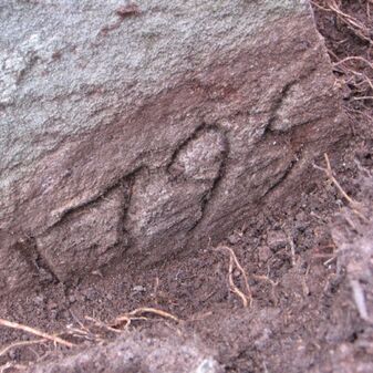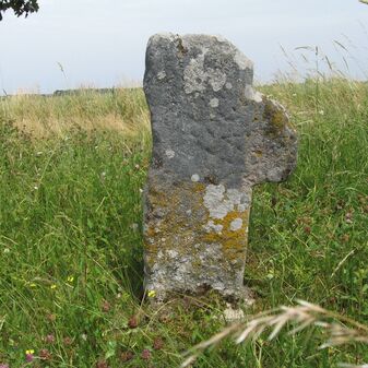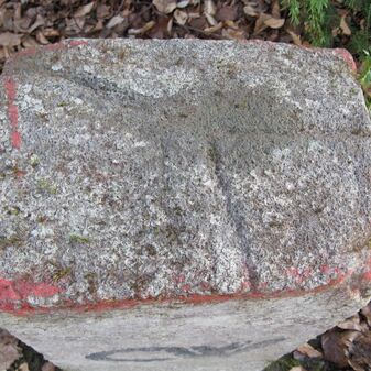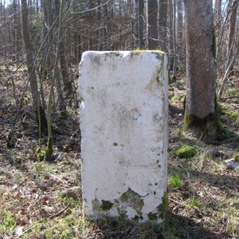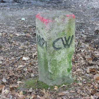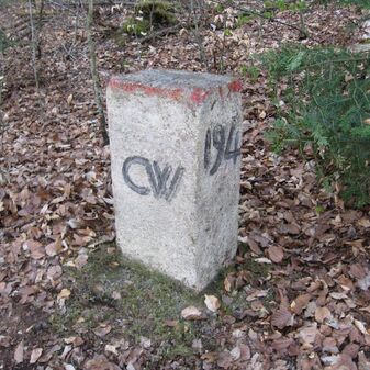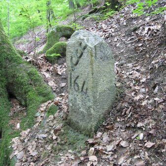 Grenzstein der Kommune Weil von 1821. Stein, rechteckige Grundform, beschädigter Kopf, an den Seiten Symbol Hirschstange, Buchstaben CW und Nummerierungen 1821, 164. Mangelhaft erhalten.
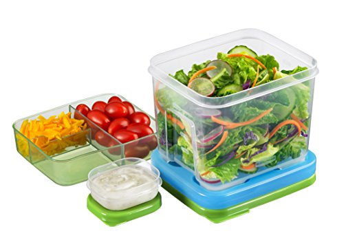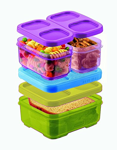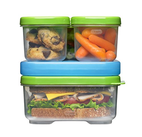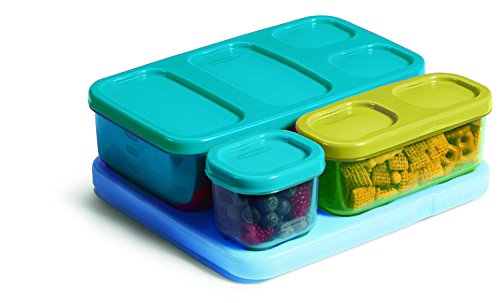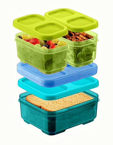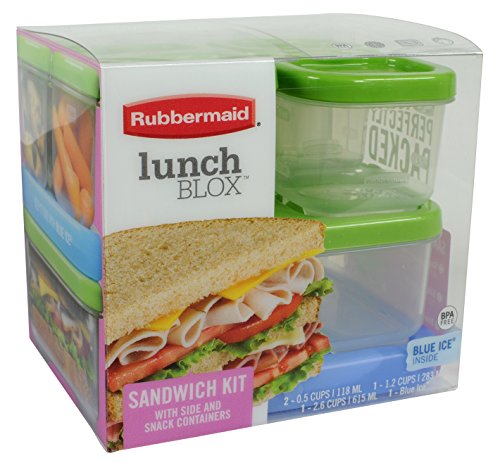 The Rubbermaid Lunch LunchBlox Sandwich Kit is designed to make taking lunch to school or work more convenient and organized. With one 2.6 cup flat container, one side container for fruits or chips and two small containers for additional items and a third container for additional sandwich toppings, taking a delicious lunch to school or work has never been easier. All containers snap together around the included medium Blue Ice pack so foods stays crisp and fresh without refrigeration. Designed to work together to save space, the kit will stay organized in any lunch bag. All BPA-free LunchBlox containers are leak-proof, microwave-, dishwasher-, and freezer-safe. Kit includes (1) 1.8-Ounce, (1) 1.5-Cup, (1) 5.2-Cup, (1) Medium Blue Ice pack
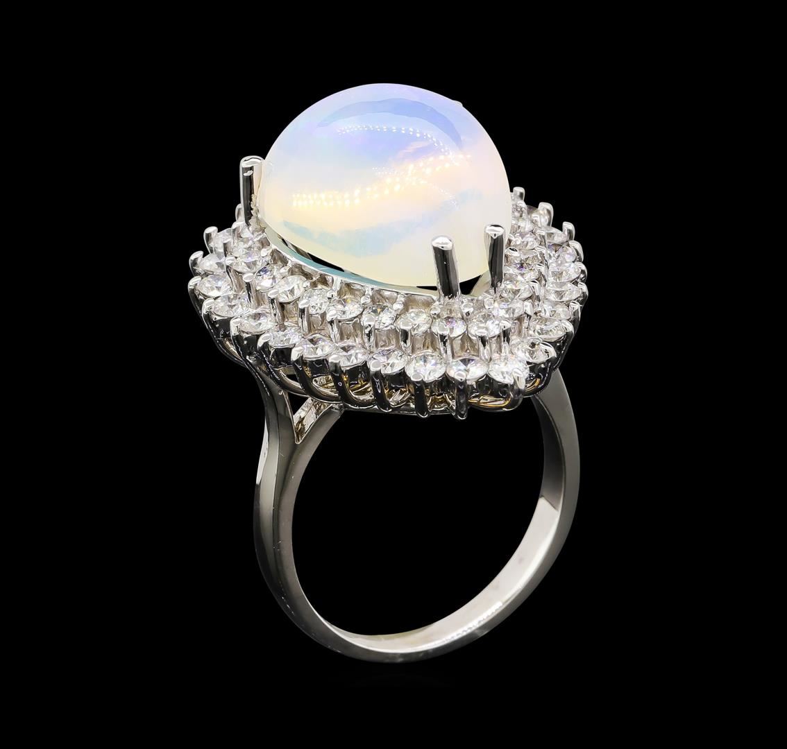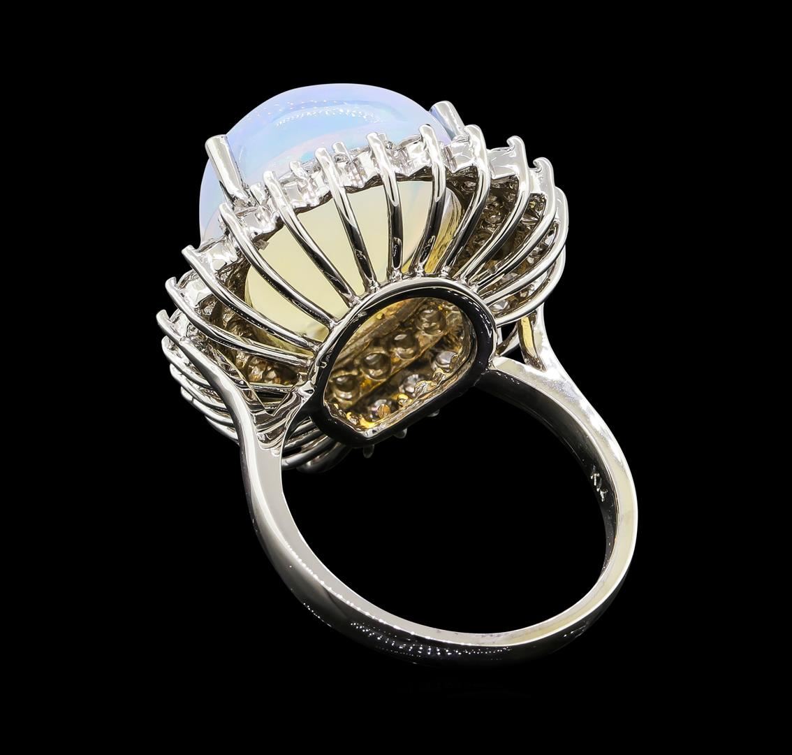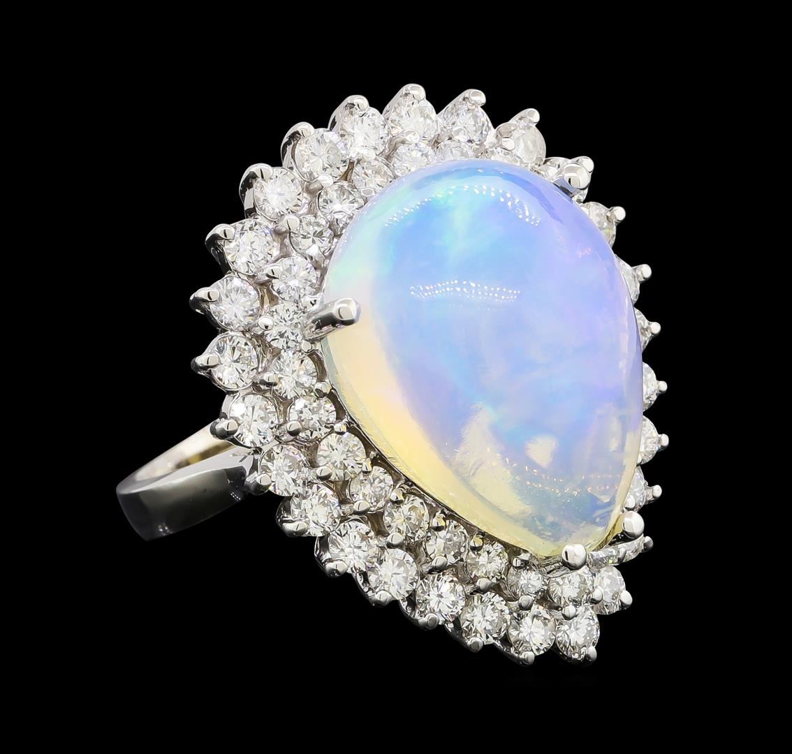 One electronically tested 14KT white gold lady's cast fashion ring with a double basket halo with a bright polish finish. The featured lady's ring has a shank measuring 2.46 millimeters wide. Identified with markings of 'K14'. Condition is new, good workmanship. Containing: One crystal opal that is cut in a pear shaped cabochon and is prong set, measuring 18.20 mm long x 13.42 mm wide, and 8.98 mm thick and the approximate weight is 9.75 carats. The opal has a bright, blue-green play of color (fire) in a rolling flashfire pattern; a high dome; a good cut; no inclusions; consistent in its brightness and pattern; and is not directional. Graded in the setting. Twenty-Seven prong set round brilliant cut diamonds, measuring 2.40 - 2.30 x 1.41mm (depth est.) approximate total weight of 27 Stones = 1.28ct. Graded in the setting. Clarity SI-1 to I-1. Color: G - H Cut Good Twenty-Six prong set round brilliant cut diamonds, measuring 2.10 - 2.00 x 1.27mm (depth est.) approximate total weight of 26 Stones = 0.86ct. Graded in the setting. Clarity SI-1 to SI-2. Color: H - I Cut Good. Total Weight of Diamonds 2.14ct.. Total Weight of Opals 9.75ct.. Total Weight of Ring 10.10gm. GAS Appraised at $8,305.00.

> **ACTIVITY**
Transcribe the material as is, with images omitted.

> **OUTPUT BELOW**
 Grenzstein der Kommune Weil von 1821. Stein, rechteckige Grundform, beschädigter Kopf, an den Seiten Symbol Hirschstange, Buchstaben CW und Nummerierungen 1821, 164. Mangelhaft erhalten.
 The Rubbermaid Lunch LunchBlox Sandwich Kit is designed to make taking lunch to school or work more convenient and organized. With one 2.6 cup flat container, one side container for fruits or chips and two small containers for additional items and a third container for additional sandwich toppings, taking a delicious lunch to school or work has never been easier. All containers snap together around the included medium Blue Ice pack so foods stays crisp and fresh without refrigeration. Designed to work together to save space, the kit will stay organized in any lunch bag. All BPA-free LunchBlox containers are leak-proof, microwave-, dishwasher-, and freezer-safe. Kit includes (1) 1.8-Ounce, (1) 1.5-Cup, (1) 5.2-Cup, (1) Medium Blue Ice pack
 One electronically tested 14KT white gold lady's cast fashion ring with a double basket halo with a bright polish finish. The featured lady's ring has a shank measuring 2.46 millimeters wide. Identified with markings of 'K14'. Condition is new, good workmanship. Containing: One crystal opal that is cut in a pear shaped cabochon and is prong set, measuring 18.20 mm long x 13.42 mm wide, and 8.98 mm thick and the approximate weight is 9.75 carats. The opal has a bright, blue-green play of color (fire) in a rolling flashfire pattern; a high dome; a good cut; no inclusions; consistent in its brightness and pattern; and is not directional. Graded in the setting. Twenty-Seven prong set round brilliant cut diamonds, measuring 2.40 - 2.30 x 1.41mm (depth est.) approximate total weight of 27 Stones = 1.28ct. Graded in the setting. Clarity SI-1 to I-1. Color: G - H Cut Good Twenty-Six prong set round brilliant cut diamonds, measuring 2.10 - 2.00 x 1.27mm (depth est.) approximate total weight of 26 Stones = 0.86ct. Graded in the setting. Clarity SI-1 to SI-2. Color: H - I Cut Good. Total Weight of Diamonds 2.14ct.. Total Weight of Opals 9.75ct.. Total Weight of Ring 10.10gm. GAS Appraised at $8,305.00.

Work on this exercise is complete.